敗戦直後の建設業を食わせたのは、皮肉にも占領軍でした。前回見たように、戦時中の建設業は軍施設・軍需工場・地下壕の建設に動員され、そして各都市が空襲で焼け野原になったところで終戦を迎えます。仕事はある——壊れた国土のすべてが仕事です——けれども、その仕事を発注する国家も、資金も、資材も、すべてが失われていました。そこに現れたのが進駐軍でした。進駐軍向けの兵舎・住宅・施設の工事(いわゆる進駐軍工事)が戦後最初の大型需要となり、各社はこれで息をつなぎます。占領軍の工事は、支払いが確実で、しかも米国流の施工管理や仕様が持ち込まれる現場でもありました。図面通りに、工程通りに、品質基準通りに——後に日本の建設業が世界水準へ駆け上がるとき、その下地の一部は、この占領期に否応なく叩き込まれた「アメリカ式の段取り」だったとも言えます。敗戦国が勝者の流儀を現場で学ぶという、複雑な構図です。腕はある、けれど近代的な工程管理や品質管理の作法はまだ体系化されていない——そんな日本の職人集団にとって、進駐軍工事は、屈辱と実利が同居する学びの場でした。皮肉なことに、この時に身につけた段取りの感覚が、やがて佐久間ダムの機械化施工や新幹線の工程管理へとつながっていきます。

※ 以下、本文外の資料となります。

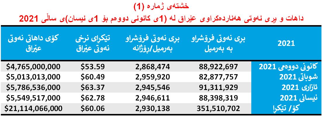وەک لە هەردوو خشتەی ژمارە (1 و 2) دا هاتبوو، حکومەتی عێراق لە چوار مانگی یەکەمی ساڵی (2021) بە بەهای (21 ملیار و 114 ملیۆن و 66 هەزار) دۆلار نەوتی فرۆشتووە.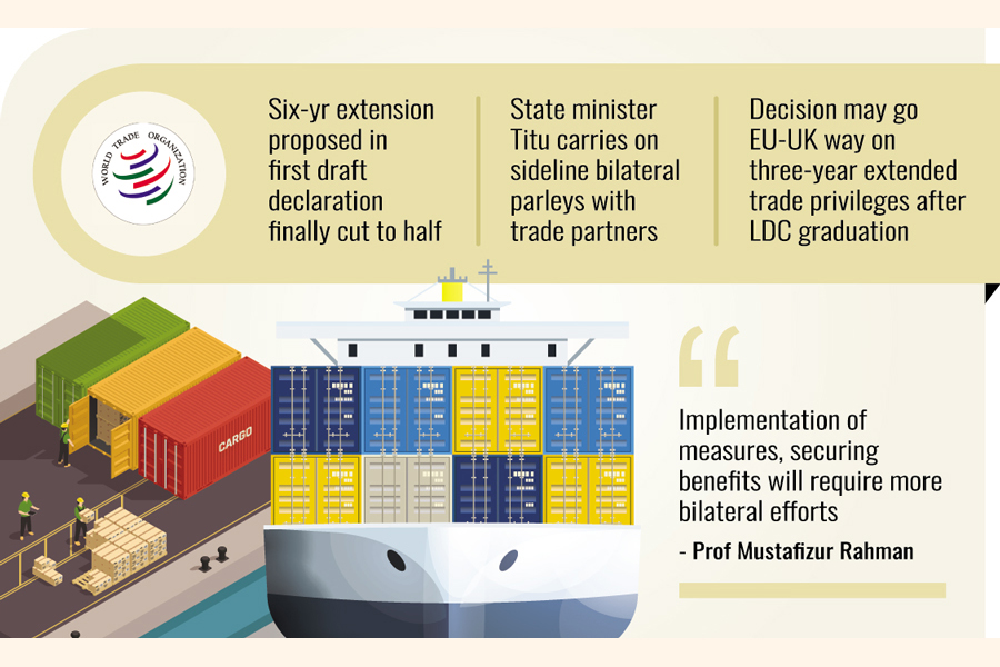 Regarding the extension of market access for graduating LDCs, Prof Mustafiz says it is likely that the ministerial decision will follow the stance taken by the European Union (EU) and the United Kingdom (UK).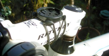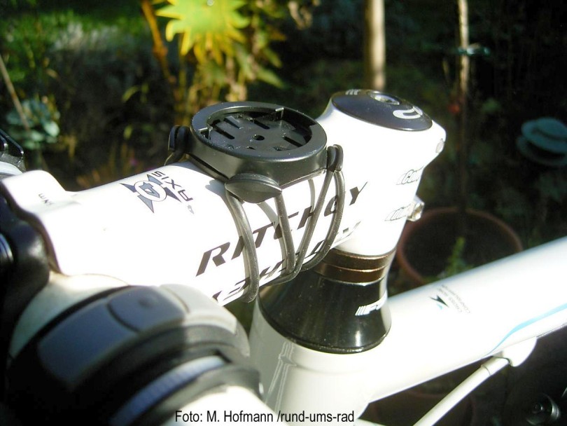 Garmin_Edge_1000_10_Befestigung_VorbauDie schnellste und einfachste Montage ist die mit zwei gekreuzten Gummis gesicherte Vierteldrehhalterung. Verschieden starke Gummiunterlagen ermöglichen die Montage an verschiedenen Rohrdurchmessern. Aufgrund der Größe des Edge 10000 hat sich hier die Befestigung am Vorbau am besten bewährt.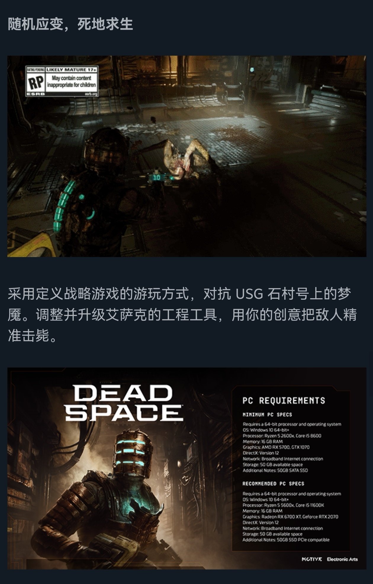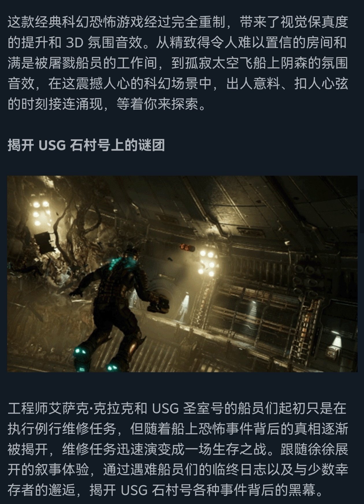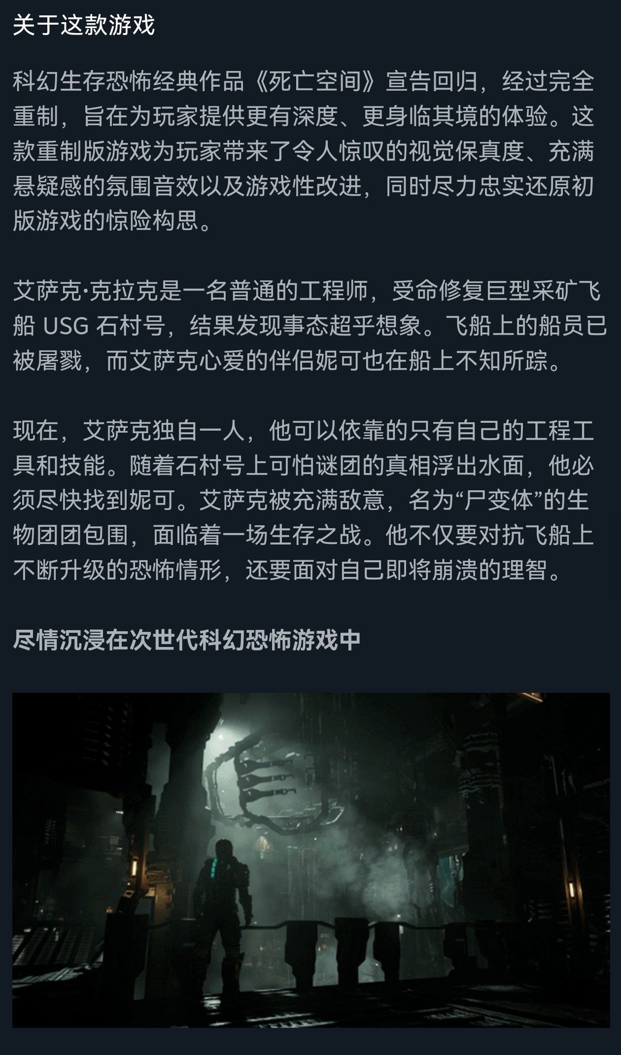 大家好,最近这不是新春大促了,虽然Steam官方V社已经取消了春节大促了,但是仍然有不少的游戏厂商自发举行了新春大促,毕竟谁会不喜欢各位玩家手中的压岁钱或者是年终奖呢,而EA旗下著名游戏《死亡空间重制版》一样打折了,该游戏为原版的重制版,只能说重制的相当成功了。
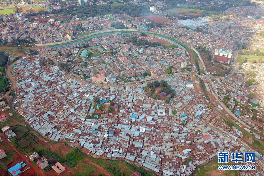 这是10月16日在肯尼亚内罗毕拍摄的基贝拉贫民窟(航拍照片)。新华社记者王腾摄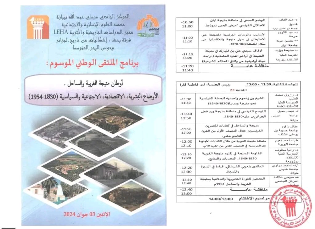 الملتقى الوطني الموسوم بأوطان متيجة الغربية والساحل الأوضاع البشرية، الإقتصادية، لإجتماية والسياسية
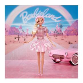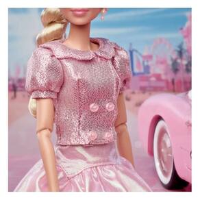 Barbie The Movie Saudações da Barbielândia. Inspirada na Margot Robbie de Barbie O Filme, esta boneca colecionável veste um conjunto de blusa e saia rosa brilhante combinando impecavelmente. Diretamente do filme, a Barbie usa este visual ao deixar a Barbielândia para o mundo real. Da boina e laço de cabelo combinando aos seus saltos rosa característicos, a Barbie sempre usa seus looks chamativos. Celebrando Barbie O Filme, esta boneca Barbie é um ótimo presente para fãs e colecionadores.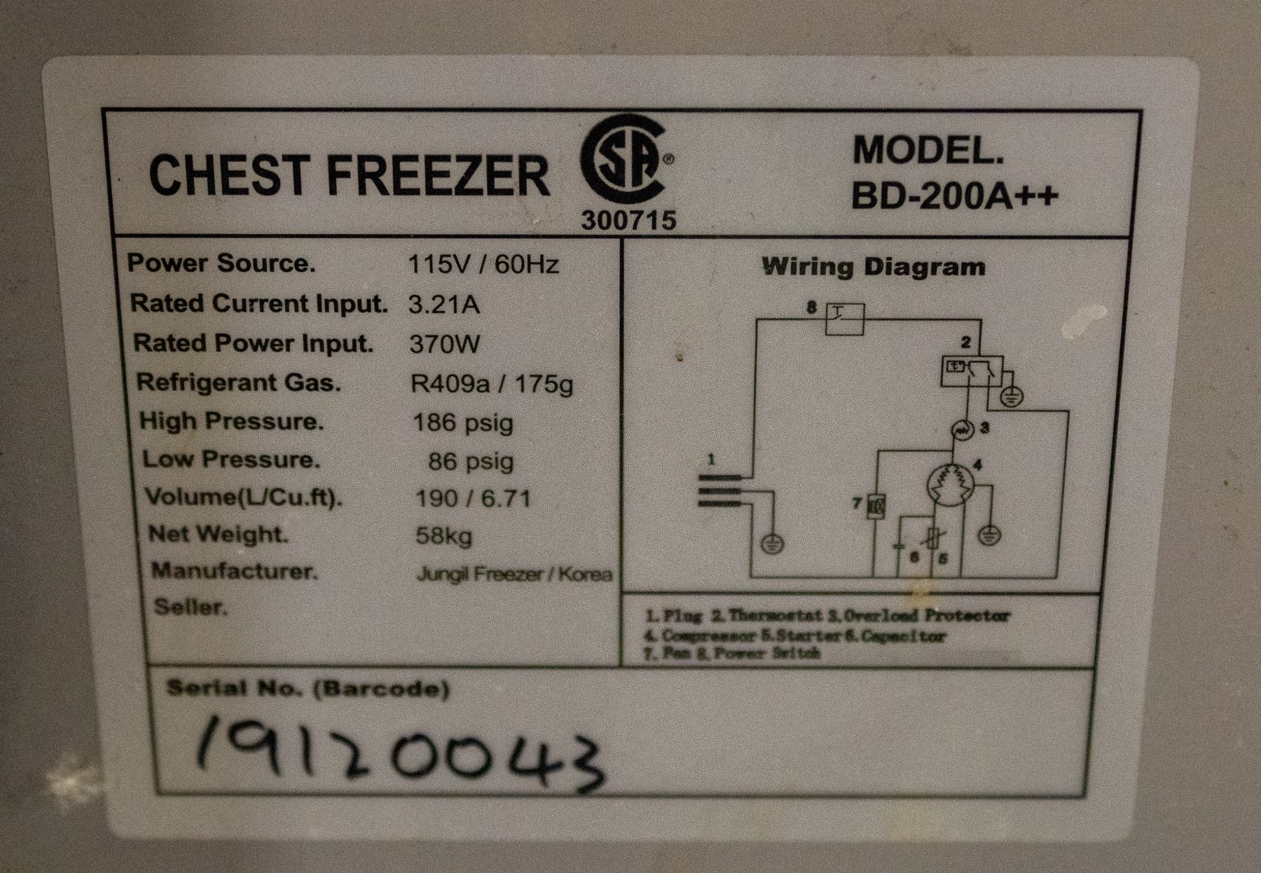 MODEL # BD-200A++, 115 VOLTS, 60 HZ, 3.21 AMPS, 370 WATTS, 58 KG, 37.5' X 27" X 36"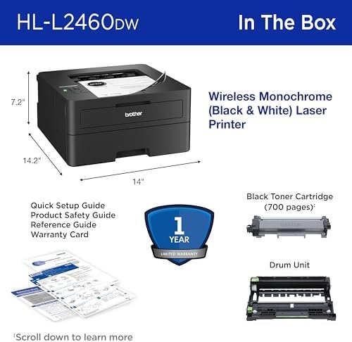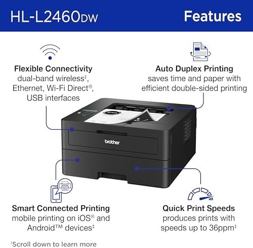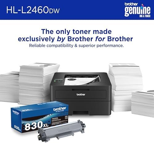 The Brother HL-L2460DW Wireless Compact Monochrome (Black & White) Laser Printer is the affordable choice for high-quality, high-volume printing. Engineered for exceptional efficiency, this reliable home office printer consistently produces crisp, easy-to-read black & white prints at speeds up to 36 pages per minute(2) (ppm). Its compact footprint means you can place this small printer in a convenient location on your desktop. Meanwhile, you can connect it to your devices through a range of flexible connection options, such as dual-band wireless, Ethernet, and USB 2.0. Best of all, you can print to your Brother printer from virtually anywhere with the Brother Mobile Connect App(3). Designed with productivity and sustainability in mind, featuring a convenient 250-sheet paper tray(4), which reduces the frequency of paper refills; automatic duplex printing, which saves time and reduces paper waste; and Toner Save Mode, which extends the life of your toner cartridge. Plus, this b/w laser printer is also ENERGY STAR® compliant and EPEAT® Silver rated. To help safeguard your information and maintain secure connections while printing, the HL-L2640DW includes a host of advanced security features. Use with Brother Genuine Supplies, expertly engineered by Brother to produce reliably sharp and smudge-free black & white prints in your Brother laser printer: Replacement Toner TN830 (Standard), TN830XL (High Yield), and TN830XL 2PK (Twin-Pack); and Replacement Drum Unit DR830. Disclaimers 1. Optional Refresh trial requires enrollment in a monthly billed Brother Refresh EZ Print Subscription service plan based on monthly printed page allotments. Unused pages roll over, limitations apply. Additional page set charges and taxes apply during trial. Plan, options offer, and pricing subject to change. Open to new subscribers located in the contiguous United States only. After the free trial period your credit card will be charged on a monthly basis for the Plan Fee, Overages, and Taxes in accordance with the Terms of Service. Overage fees will apply during free trial. Your service will continue on a month-to-month basis until you cancel it. May be canceled at any time. Upon cancellation, cartridge will be deactivated and must be replaced at users’ expense in order to continue printing. 2. Based on one-sided printing. Change from default setting required. 3. Free app download and wireless connection required. Compatibility may vary by device and operating system. 4. Maximum capacity based on using 20-lb. paper. 5. Based on monthly subscription cost in U.S. for Mono Laser Power Plan vs. average cost per page of eligible like standard capacity cartridges. Savings will vary based on Refresh EZ Print Subscription plan selected. ENERGY STAR and the ENERGY STAR mark are registered trademarks owned by the U.S. Environmental Protection Agency. Images are for illustrative purposes only. Specifications subject to change.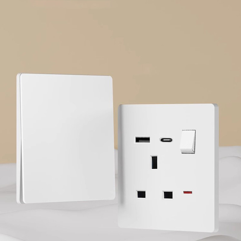 肤感磨砂白港澳版13A英式電制插座带开关USB亞光萬能英標充电面板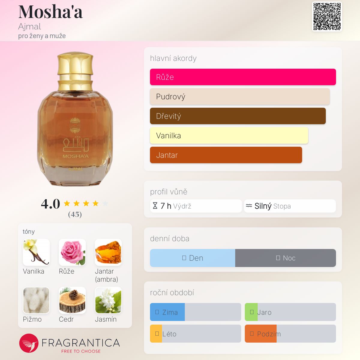 Mosha'a podle Ajmal je Orientální Spicy vůně pro ženy a muže. Mosha'a byl/a uveden/a v roce 2019. Vrchní tóny jsou Růže, Jasmín a Pelargónie; střední tóny jsouVanilka, Jantar (ambra) a Maliny ; základní tóny jsou Pižmo, Cedr, Santalové dřevo a Pačuli.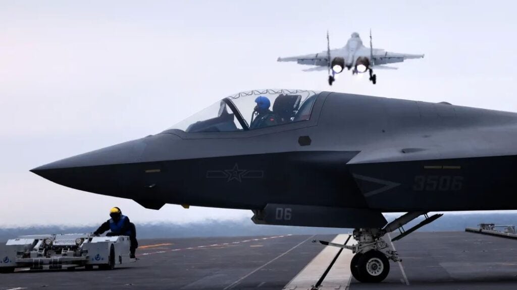 The visuals, first published by the official social media channels of the Chinese military and the People’s Liberation Army’s 81.cn news portal, showed the Shenyang J-15T, J-35 fighters and Xi’an KJ-600 airborne early warning aircraft being launched from the Fujian’s electromagnetic catapults.

制度面では、産業そのものが法的に組み直されます。1948年に建設省が発足し、翌1949年に建設業法が制定されて、登録制(後に許可制)の下で「建設業」という産業が法的に定義されました。それまで「組」や「店」として親方の人格で成り立っていた請負の世界に、国が免許を出し、国が監督するという枠がはめられたのです。この建設業法こそ、現在まで続く「建設業許可」の出発点であり、後の連載で触れる約47万社という許可業者数の、いちばん最初の一社が登録された瞬間でもあります。1950年に朝鮮戦争が始まると、いわゆる朝鮮戦争特需が重なり、資材需要と工事需要が一気に回復して、産業は本格的に再起動します。前回まで、明治国家が「発注者としての国家」を強力に組織し、民間業者をその下の「組」として位置づけてきた経緯を見てきましたが、戦後の建設省・建設業法は、その官主導の枠組みを、より制度化された形で再建したものだと言えます。国が計画し、国が発注し、業者が施工を請け負う——この基本構造は、名前や仕組みを変えながら、戦前から戦後へと連続していたのです。町場の中小建設会社にとっても、この時期は示唆に富みます。制度が整い、発注者が信用でき、支払いが読める——その三つが揃ってはじめて、職人集団は「会社」として設備投資や人の採用に踏み切れる。逆に言えば、いくら腕があっても、発注と支払いが不安定なうちは、事業は組のまま大きくなりきれないのです。今も昔も、経営を安定させる土台は、派手な受注そのものより、確実に回収できる仕事の積み重ねにあります。
そして1950年代、日本は「土木の昭和」とでも呼ぶべき時代に入ります。主役は電源開発、すなわちダムでした。戦後復興は、まず電気からです。工場を回すにも、家庭に灯りをともすにも、圧倒的に足りない電力をどう作るか——その答えが、山を堰き止めて水を落とす水力発電、つまりダムでした。国は1952年に電源開発株式会社という国策会社を設立し、全国の河川に次々とダムを立ち上げていきます。この時代を象徴するダムが二つあります。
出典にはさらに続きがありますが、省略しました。